*WORK INSTRUCTION*
Transcribe the entries below without changing a word, and omit every picture.

[Start of section]

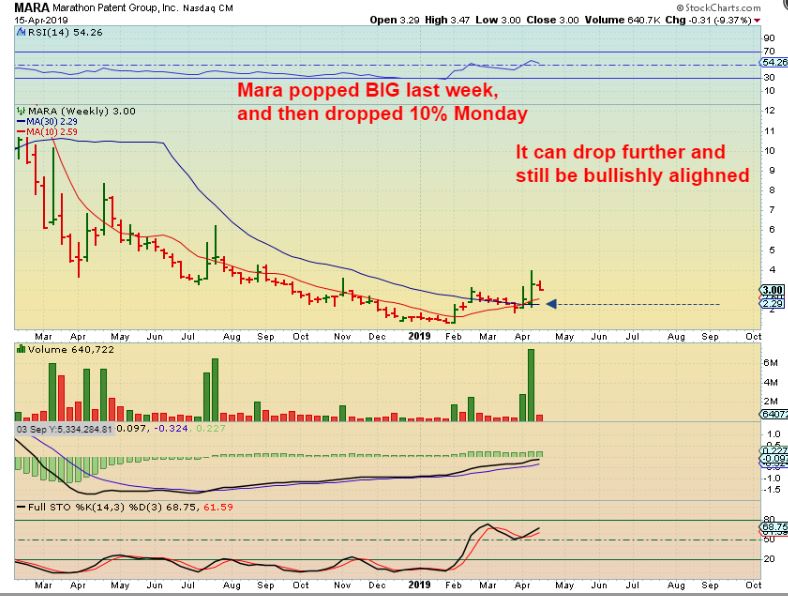 MARA WEEKLY – This is why these Blockchain stocks may not be for everyone. This dropped 9.37%, and could drop a lot more. It popped 50% one day, so a pull back is normal. I bought this much lower and may ride it down, but the long term chart looks fine, and it probably depends on whether or now Bitcoin holds up.
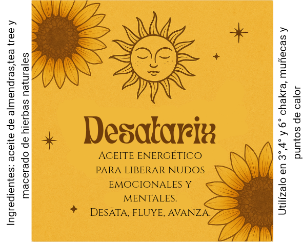 Desatarix es un rolón canalizado para momentos de estancamiento, indecisión o sensación de bloqueo. Esta mezcla abre caminos internos y externos, movilizando la energía estancada y favoreciendo la acción. Ideal para rituales de nuevos comienzos o antes de tomar decisiones importantes. Favorece el corte de lazos energético o físico, ayuda a sanar un duelo debido a su fórmula devolviendo un estado de neutralidad y sosiego al espíritu.
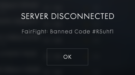 当日凌晨,大量玩家发现自己在游戏中被突然踢出服务器且被封禁,无法再次进入服务器。踢出原因中有官方反作弊系统FairFight(FF)的字样,还有串代码,写着“#RSuhf1”,这是封7天的意思,要是把最后的1改成0,那就是永封了。
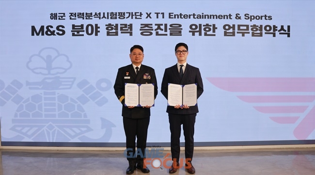 T1이 12일, 대한민국 해군 전력분석시험평가단과 미래 디지털 작전환경에 대비한 협력 강화를 위해 업무협약(MOU)을 체결했다. 이번 협약식은 서울 강남 T1 사옥 회의실에서 진행됐다.
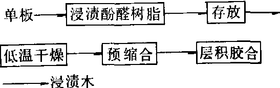 生产上,多用浸渍型低缩合的酚醛树脂,树脂含量在30~60%之间,浸渍时间取决于木材的厚度,如美国枫香单板,厚0.8毫米的单板,100克木材吸收35克干酚醛树脂需要1小时(在32℃时),而厚3.2毫米的单板,则需要16小时,即浸渍时间与木材厚度的平方成正比,浸渍也可在加压罐中进行。为了使木材中浸渍的树脂分布均匀,在干燥前要求存放1~2天,使酚醛树脂能充分扩散。存放后再进行低温干燥,干燥温度在60℃左右。为在排除木材中水分的同时,酚醛树脂能充分渗入木材细胞壁,干燥不能太快。低温干燥后,立即进行预缩合。预缩合工艺根据设备条件而定,如采用窑干设备,在95℃下需时1天;如采用连续干燥机,在150℃下半小时即可。最后将预缩聚过的木材单板胶合成要求厚度的浸渍木。 含有35%固体酚醛树脂的浸渍木,抗缩系数(ASE值)在70%左右,基本上可以消除表面裂纹的缺点。浸渍木的优点是:❶具有良好的抗腐性能与抗蚁蛀性能。 ❷有良好的电绝缘性。在30%相对湿度下,高于普通木材10倍,在90%相对湿度下,高于普通木材的500~1000倍。 ❸有良好的抗酸性,但抗碱性与普通木材相同。如,用糠醇处理木材,并在木材中固化形成糠醇树脂,则抗酸、抗碱性均良好。浸渍木虽不阻燃,但对抑制火焰蔓延有一定作用。浸渍木与普通木材相比,抗压强度、硬度和弹性模量均有提高,但韧性下降一半,顺纹抗拉强度亦明显减小。 浸渍木适合制作模具、鞋楦等要求有良好尺寸稳定性的产品。 浸渍木impreg又称浸脂木。对轻软木材用合成树脂处理而不加压制成的硬重木材。通常采用酚醛树脂浸注木材使树脂渗入细胞壁,与纤维素等分子的羟基结合,使形成胀缩性小、耐腐、耐湿、耐酸和强劲的硬质木材。处理方法有浸渍、加压浸注和涂刷等。浸渍木宜作地板、船舰甲板、车辆和门窗等,用以代替红木或乌木等名贵材使用。 |
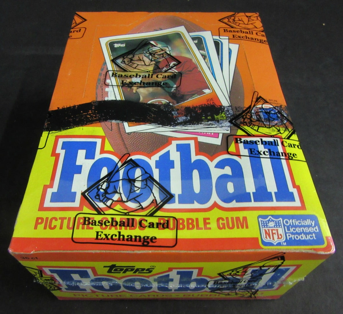 1988 Topps Football Unopened Wax Box (BBCE) (X-Out). This box contains (36) packs, each with (15) cards and (1) glossy card. The box has been authenticated and wrapped in Baseball Card Exchange shrink wrap. This is an "X-Out" box. Please read our blog post on "The History of the X-Out" for more information on these boxes.
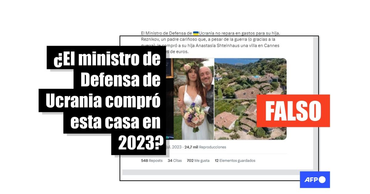 “El Ministro de Defensa de Ucrania no repara en gastos para su hija. Reznikov, un padre cariñoso que, a pesar de la guerra (o gracias a la guerra), le compró a su hija Anastasia Shteinhaus una villa en Cannes por 7 millones de euros”, dicen las publicaciones en X, antes llamado Twitter (1, 2). Entradas similares también son compartidas en Facebook (1, 2).
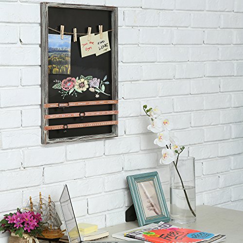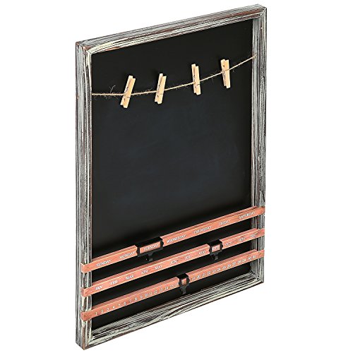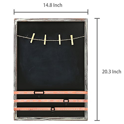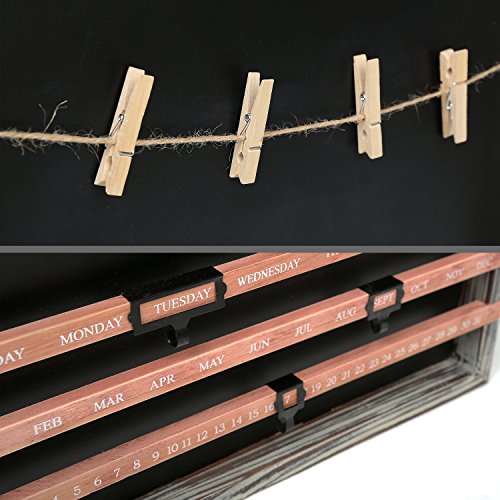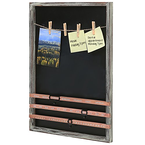 Wall Mounted Torched Wood Chalkboard with Sliding Calendar, Twine & Photo Clips - 20 X 14
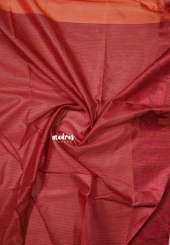 Peach - Manjari - Raw silk with Ambari weaving Border
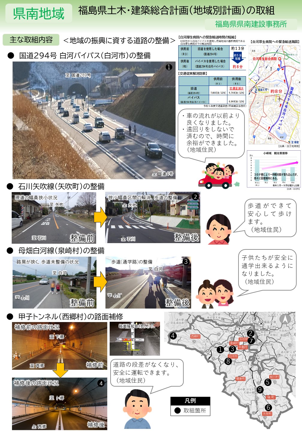 福島県土木・建築総合計画【県南地域】の主な取組を紹介します。
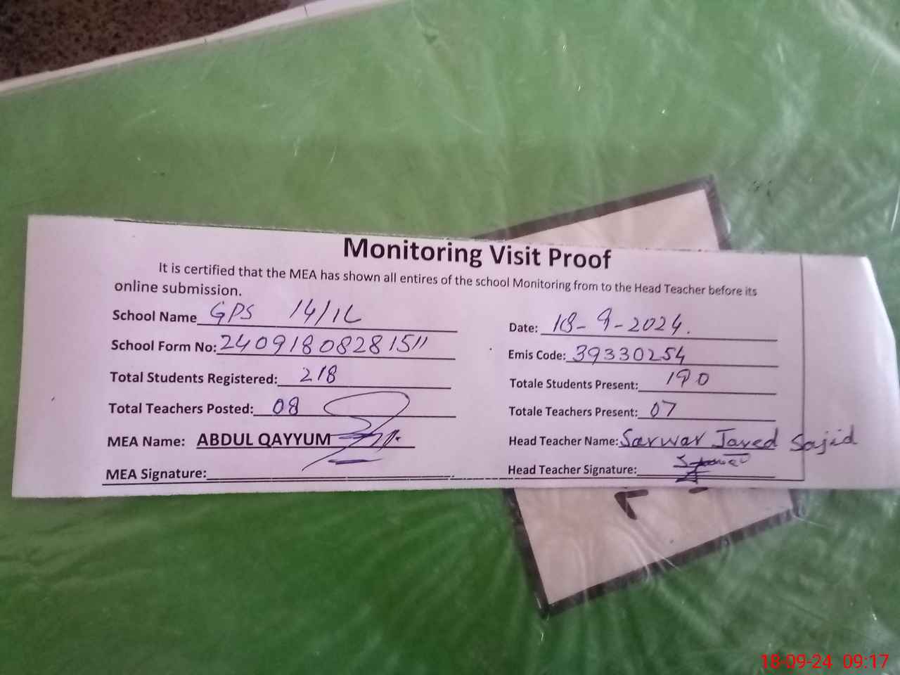 | Attendance Register | Head Teacher | MEA with School | Visit Proof |

[End of section]

*EXERCISE SOLUTION*
 MARA WEEKLY – This is why these Blockchain stocks may not be for everyone. This dropped 9.37%, and could drop a lot more. It popped 50% one day, so a pull back is normal. I bought this much lower and may ride it down, but the long term chart looks fine, and it probably depends on whether or now Bitcoin holds up.
 Desatarix es un rolón canalizado para momentos de estancamiento, indecisión o sensación de bloqueo. Esta mezcla abre caminos internos y externos, movilizando la energía estancada y favoreciendo la acción. Ideal para rituales de nuevos comienzos o antes de tomar decisiones importantes. Favorece el corte de lazos energético o físico, ayuda a sanar un duelo debido a su fórmula devolviendo un estado de neutralidad y sosiego al espíritu.
 当日凌晨,大量玩家发现自己在游戏中被突然踢出服务器且被封禁,无法再次进入服务器。踢出原因中有官方反作弊系统FairFight(FF)的字样,还有串代码,写着“#RSuhf1”,这是封7天的意思,要是把最后的1改成0,那就是永封了。
 T1이 12일, 대한민국 해군 전력분석시험평가단과 미래 디지털 작전환경에 대비한 협력 강화를 위해 업무협약(MOU)을 체결했다. 이번 협약식은 서울 강남 T1 사옥 회의실에서 진행됐다.
 生产上,多用浸渍型低缩合的酚醛树脂,树脂含量在30~60%之间,浸渍时间取决于木材的厚度,如美国枫香单板,厚0.8毫米的单板,100克木材吸收35克干酚醛树脂需要1小时(在32℃时),而厚3.2毫米的单板,则需要16小时,即浸渍时间与木材厚度的平方成正比,浸渍也可在加压罐中进行。为了使木材中浸渍的树脂分布均匀,在干燥前要求存放1~2天,使酚醛树脂能充分扩散。存放后再进行低温干燥,干燥温度在60℃左右。为在排除木材中水分的同时,酚醛树脂能充分渗入木材细胞壁,干燥不能太快。低温干燥后,立即进行预缩合。预缩合工艺根据设备条件而定,如采用窑干设备,在95℃下需时1天;如采用连续干燥机,在150℃下半小时即可。最后将预缩聚过的木材单板胶合成要求厚度的浸渍木。 含有35%固体酚醛树脂的浸渍木,抗缩系数(ASE值)在70%左右,基本上可以消除表面裂纹的缺点。浸渍木的优点是:❶具有良好的抗腐性能与抗蚁蛀性能。 ❷有良好的电绝缘性。在30%相对湿度下,高于普通木材10倍,在90%相对湿度下,高于普通木材的500~1000倍。 ❸有良好的抗酸性,但抗碱性与普通木材相同。如,用糠醇处理木材,并在木材中固化形成糠醇树脂,则抗酸、抗碱性均良好。浸渍木虽不阻燃,但对抑制火焰蔓延有一定作用。浸渍木与普通木材相比,抗压强度、硬度和弹性模量均有提高,但韧性下降一半,顺纹抗拉强度亦明显减小。 浸渍木适合制作模具、鞋楦等要求有良好尺寸稳定性的产品。 浸渍木impreg又称浸脂木。对轻软木材用合成树脂处理而不加压制成的硬重木材。通常采用酚醛树脂浸注木材使树脂渗入细胞壁,与纤维素等分子的羟基结合,使形成胀缩性小、耐腐、耐湿、耐酸和强劲的硬质木材。处理方法有浸渍、加压浸注和涂刷等。浸渍木宜作地板、船舰甲板、车辆和门窗等,用以代替红木或乌木等名贵材使用。 |
 1988 Topps Football Unopened Wax Box (BBCE) (X-Out). This box contains (36) packs, each with (15) cards and (1) glossy card. The box has been authenticated and wrapped in Baseball Card Exchange shrink wrap. This is an "X-Out" box. Please read our blog post on "The History of the X-Out" for more information on these boxes.
 “El Ministro de Defensa de Ucrania no repara en gastos para su hija. Reznikov, un padre cariñoso que, a pesar de la guerra (o gracias a la guerra), le compró a su hija Anastasia Shteinhaus una villa en Cannes por 7 millones de euros”, dicen las publicaciones en X, antes llamado Twitter (1, 2). Entradas similares también son compartidas en Facebook (1, 2).
 Wall Mounted Torched Wood Chalkboard with Sliding Calendar, Twine & Photo Clips - 20 X 14
 Peach - Manjari - Raw silk with Ambari weaving Border
 福島県土木・建築総合計画【県南地域】の主な取組を紹介します。
 | Attendance Register | Head Teacher | MEA with School | Visit Proof |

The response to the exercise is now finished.